3. Year 27 was the year of Little Miss Sunshine. I don't think I could count how many times I have seen this movie in the last year. But it has become a staple of my movie watching.
4. Finally understood my dad, and knew that maybe turning out to be like him wasn't as bad as I had originally suspected. In fact, figured if I did turn out to be like him that would probably be a good thing. I think I get him now, and the original horror of being like him as turned into wonder.
5. I learned that grief comes in many different forms, and can come from many different events - not just death. I spent the entire month of May in grief over the loss of my childhood innocence that my parents and grandparents aren't invincible.

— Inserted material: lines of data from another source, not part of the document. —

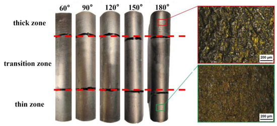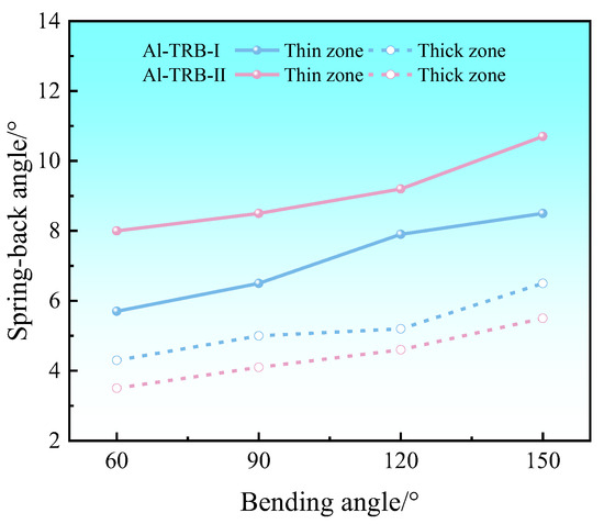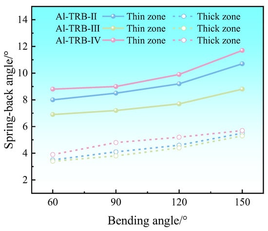 The spring-back angles of Al-TRB after three-point bending are shown in Table 2. It can be seen that the spring-back angle in the thin zone of Al-TRB is larger than that in the thick zone, and the spring-back phenomenon is more obvious. The maximum difference in the spring-back angle between the thin and thick zones is 2.5° when the bending angle is 180°. With the increase in the bending angle, the spring-back angles of the thin and thick zones of the Al-TRB bending parts are gradually increased. The size of the spring-back angle in the thin and thick zones is greatly related to the differences in their mechanical properties and the work hardening rate of the deformation process.
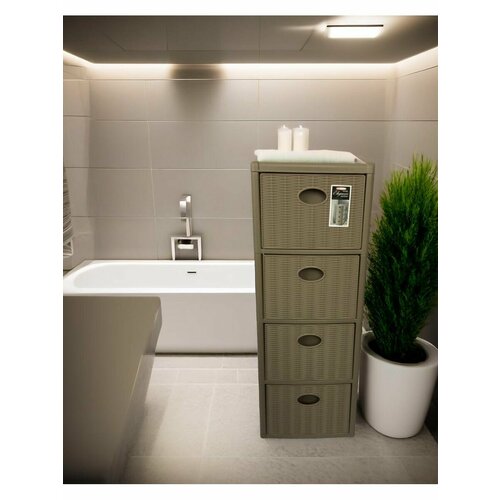 Комод универсальный пластиковый узкий высокий 4 секции "Elegance mini" цвет- серо-коричневый
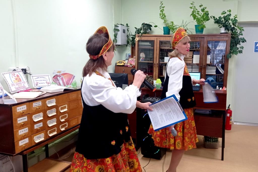 На хорошей позитивной ноте прошла в библиотеке фольклорная завалинка, посвященная одному из любимых жанров народного творчества - частушке. Гости программы узнали много интересного о происхождении и развитии частушек, их разновидностях и как они назывались в различных регионах страны. Гости активно принимали участие в увлекательной беседе. Присутствующие смогли попробовать себя в роли частушечников: вместе с ведущими программы исполняли задорные весёлые частушки, а также сочиняли свои частушечные шедевры.
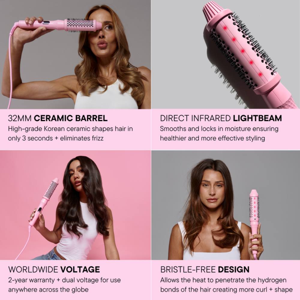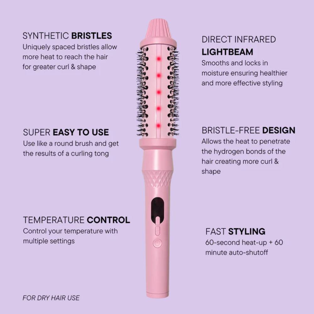 The innovative Mermade Thermal Brush is a heated round brush that delivers instant volume, shine and bounce. Its advanced infrared light beam adds shine, reduces frizz & locks in moisture. The flexible tangle-free bristles glide through the hair, shaping it without tangling. Its innovative bristle-free zones allow more heat to penetrate the hydrogen bonds of the hair creating more curl & shape than other thermal brushes.
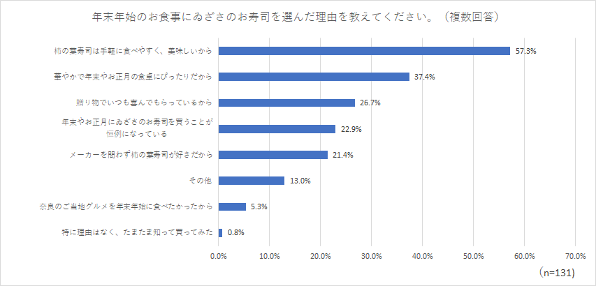 「年末年始にゐざさのお寿司を購入した理由」(複数回答可)を聞いたところ、「柿の葉寿司は手軽に食べられる」と答えた人が過半数以上の57.3%でした。「柿の葉寿司」は柿の葉で一つずつお寿司を包んでいる特徴があるため、忙しい年末年始に「ちょっとつまめる」ことなどが購入いただく大きな理由であることがわかりました。
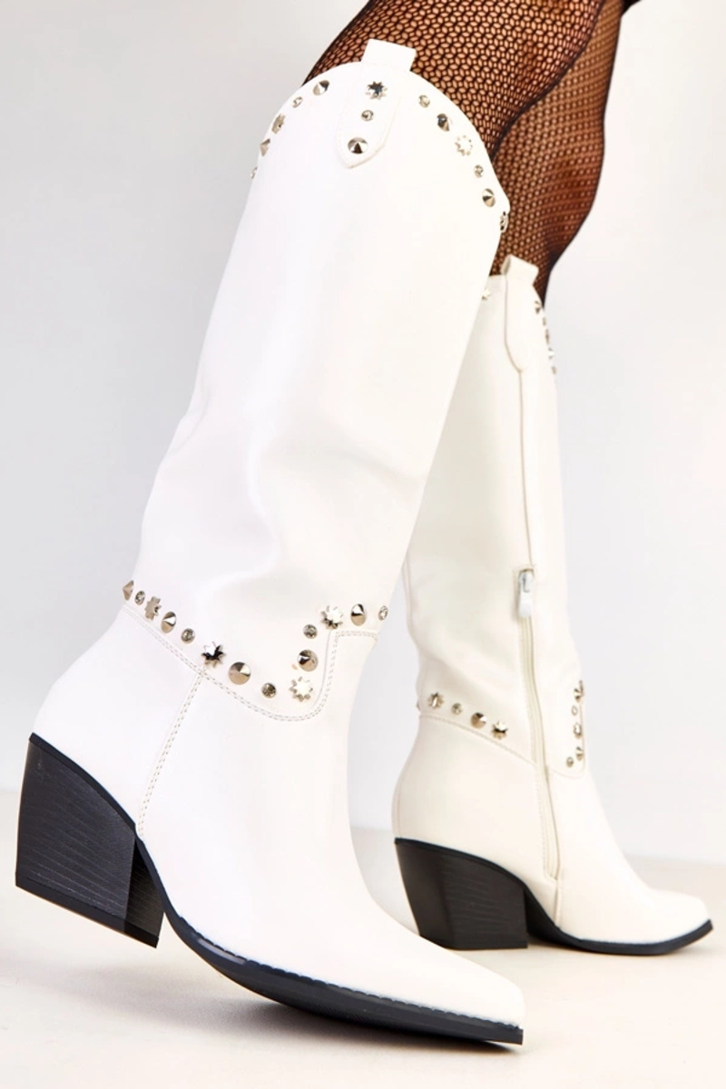 Botas femininas de cowboy brancas decoradas com brilhos Horsey

6. I learned that no matter how normal your work shirts look - they do have your company's name on them and shouldn't be worn to social events.

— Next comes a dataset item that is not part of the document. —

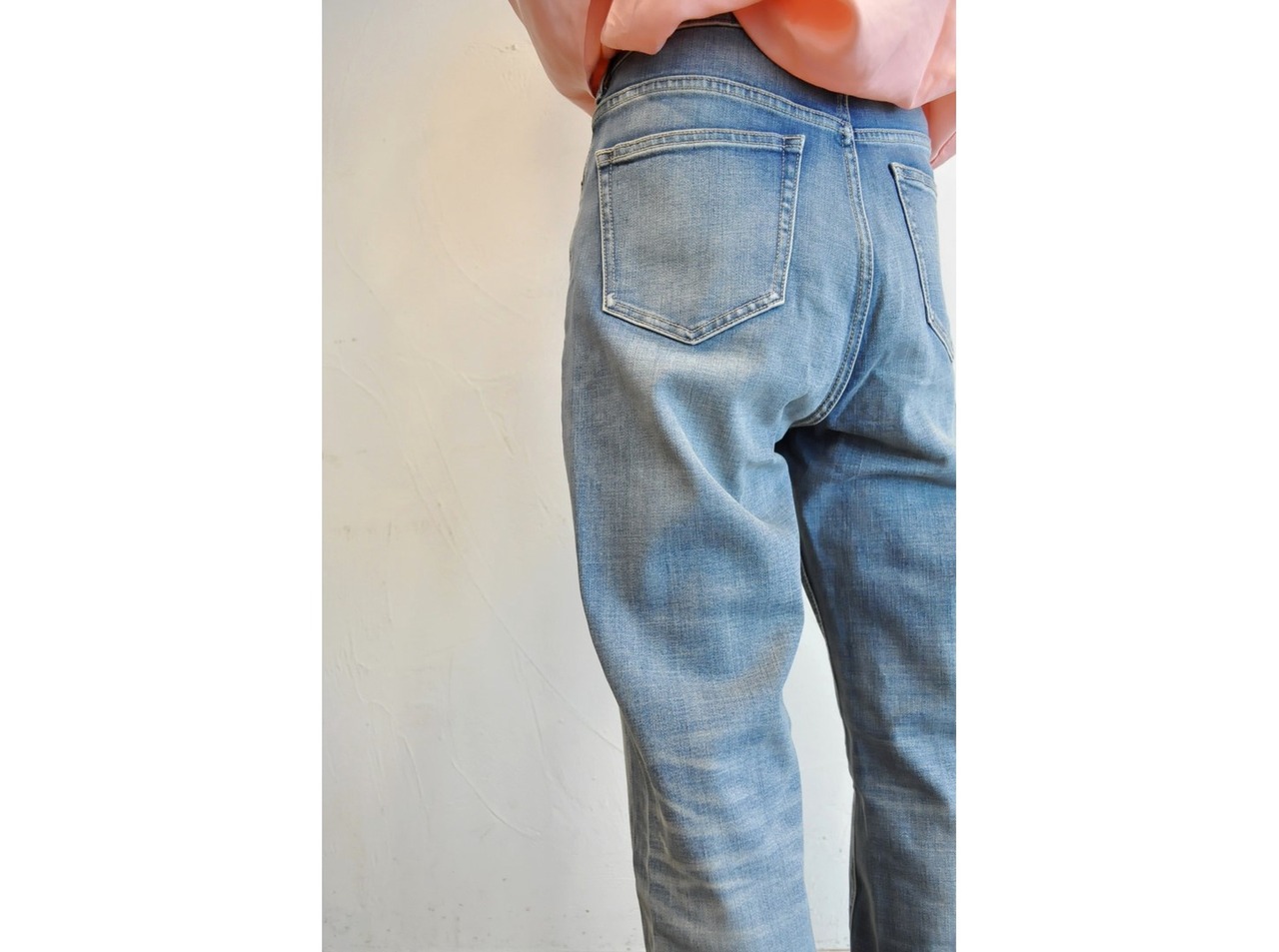 レーヨンを交織したデニム生地は、柔らかく肌に馴染みやすく、ストレッチ性にも優れ、動きやすさが抜群です。
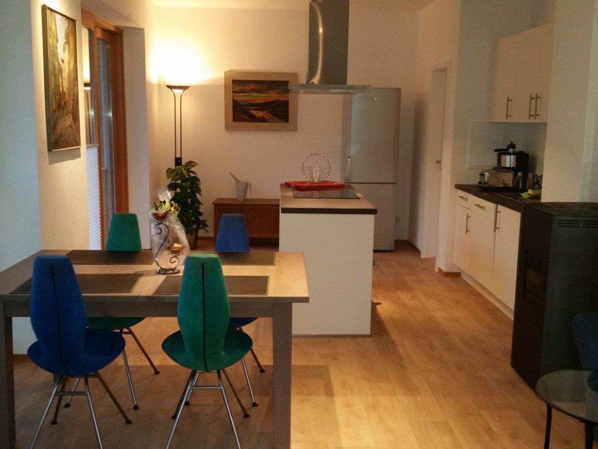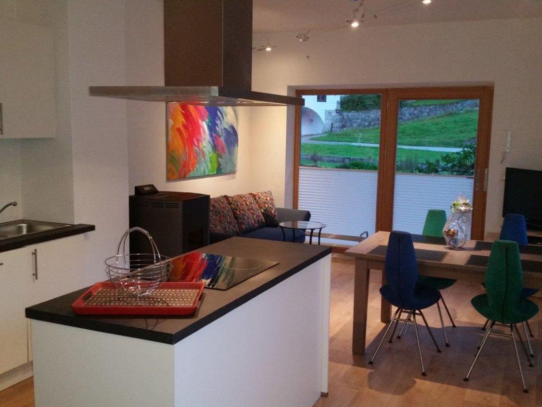 Die Ferienwohnung Atelier ist im Erdgeschoss. Die überhohen Räume des ehemaligen Photoateliers bestimmen den Eindruck. Der Zugang ist direkt von Süden in die Wohnküche. Ausgestattet mit Einbauküche und freistehender Kochinsel sowie Essgruppe, Ausziehsofa und Flachbildschirmfernseher sowie Pelletskaminofen. Zwei große Atelierfenster eröffnen den Blick über den Malerwinkl und den Zugang zur Holzterrasse. Das Bad ist Durchgangszimmer zum Schlafraum im Osten. Es ist mit Doppelwaschtisch und großen Spiegel, bodenbündiger Dusche, Pissoire und WC ausgestattet. Das Schlafzimmer ist mit einem Doppelbett, Sessel mit Tisch und Einbauschrank möbliert.

7. Cancun is the closest I have come to heaven on earth. Not sure if it was the combination of the sun, the beach, the language, or the company - but it really was a great time. Only the second vacation spot that I can truly say I will go back again.
8. Wendy's disappeared from St. Louis. I never knew how much I liked Wendy's until it was gone. Now I have to travel an hour if I want a Jr. Bacon Cheese Burger, and that is just wrong. And "Oh the humanity" when they show a Wendy's commercial on TV.
9. I will not spend another New Year's Eve at a party - unless it involves a movie marathon, and me laying around in sweats eating ice cream.
10. I decided that someday I want to write. Whether it be an essay, a story, a term paper, or an instructional manual. I just know that somewhere inside of me there is a writer that wants to come out. It may not be during 28, it may not be until 82, but she is in there . . . I think she is just scared.